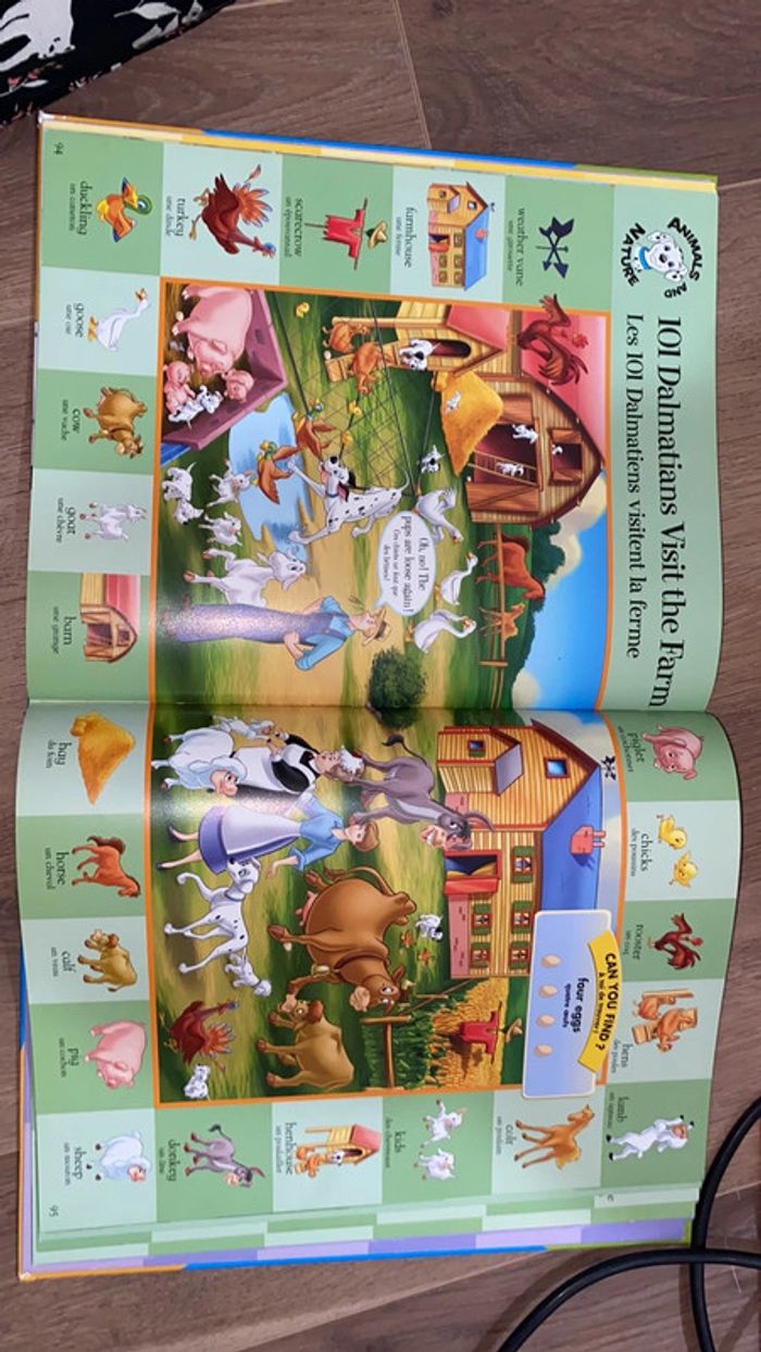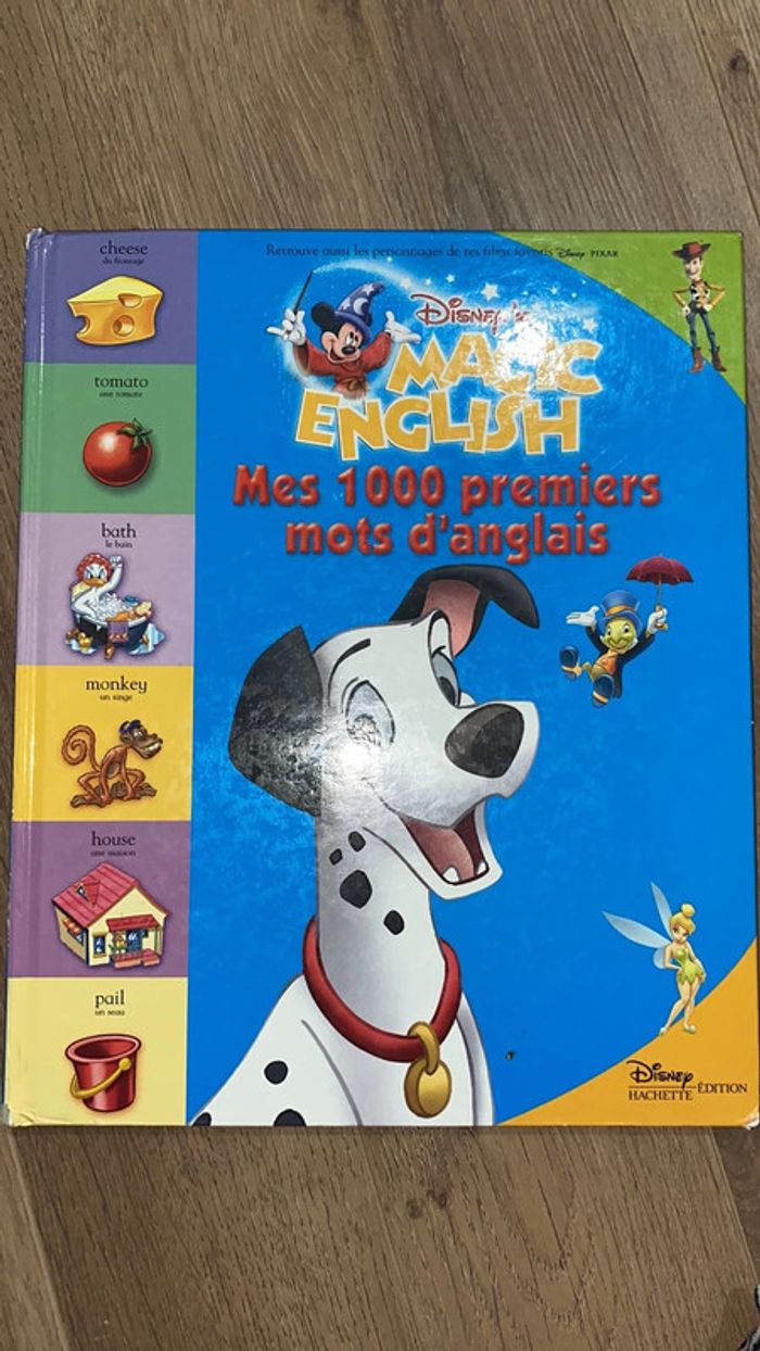 Un imagier bilingue riche de 1000 mots qui permet aux plus jeunes d'avoir une première approche de l'anglais grâce à une mise en page ludique et très colorée. magic english Disney dalmatien pongo couverture abîmé cf photo
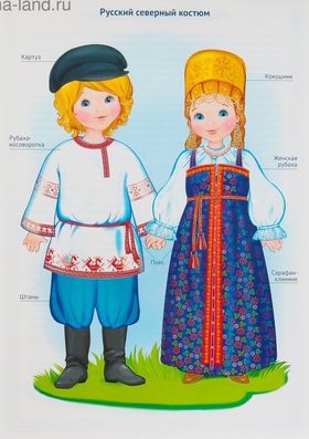 Основные части комплектов пришли из Древней Руси. В женском национальном костюме заложены представления того времени о женской красоте и семейных ценностях. Силуэт прямой или расширенный вниз, подчеркивать фигуру было не принято, для национального комплекта характерна многослойность.
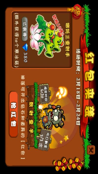 -回馈广大玩家,春节活动期间全场老英雄植物8折
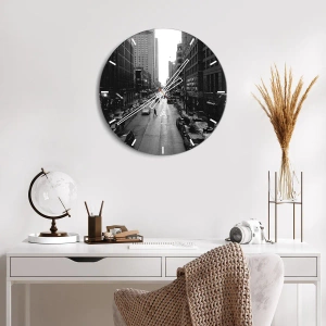O relógio de parede "Urban Accent" é um acessório único que traz a atmosfera da vida urbana para o seu interior. O mostrador do relógio apresenta uma fotografia em preto e branco de uma rua da cidade com prédios e transeuntes. Este motivo minimalista encanta com seus contrastes sutis e design clássico.
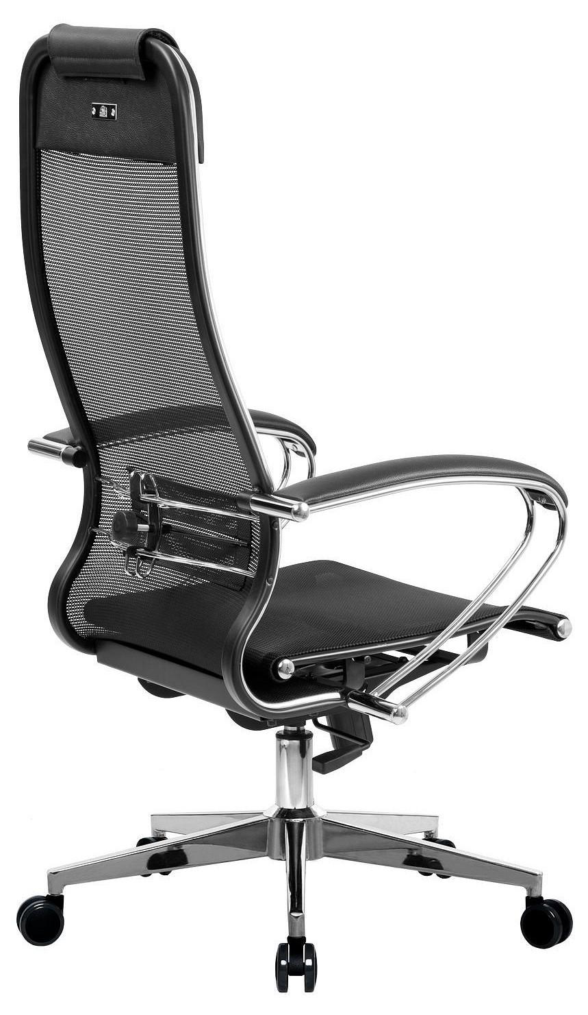 Подлокотники - стальные классические, покрытые зеркальным хромом. Обивка накладок - экокожа.

ASSIGNED TASK:
Starting with the first line of the records above and stopping after the line containing "-回馈广大玩家,春节活动期间全场老英雄植物8折", repeat every line exactly and leave out the pictures.

ANSWER:
 Un imagier bilingue riche de 1000 mots qui permet aux plus jeunes d'avoir une première approche de l'anglais grâce à une mise en page ludique et très colorée. magic english Disney dalmatien pongo couverture abîmé cf photo
 Основные части комплектов пришли из Древней Руси. В женском национальном костюме заложены представления того времени о женской красоте и семейных ценностях. Силуэт прямой или расширенный вниз, подчеркивать фигуру было не принято, для национального комплекта характерна многослойность.
 -回馈广大玩家,春节活动期间全场老英雄植物8折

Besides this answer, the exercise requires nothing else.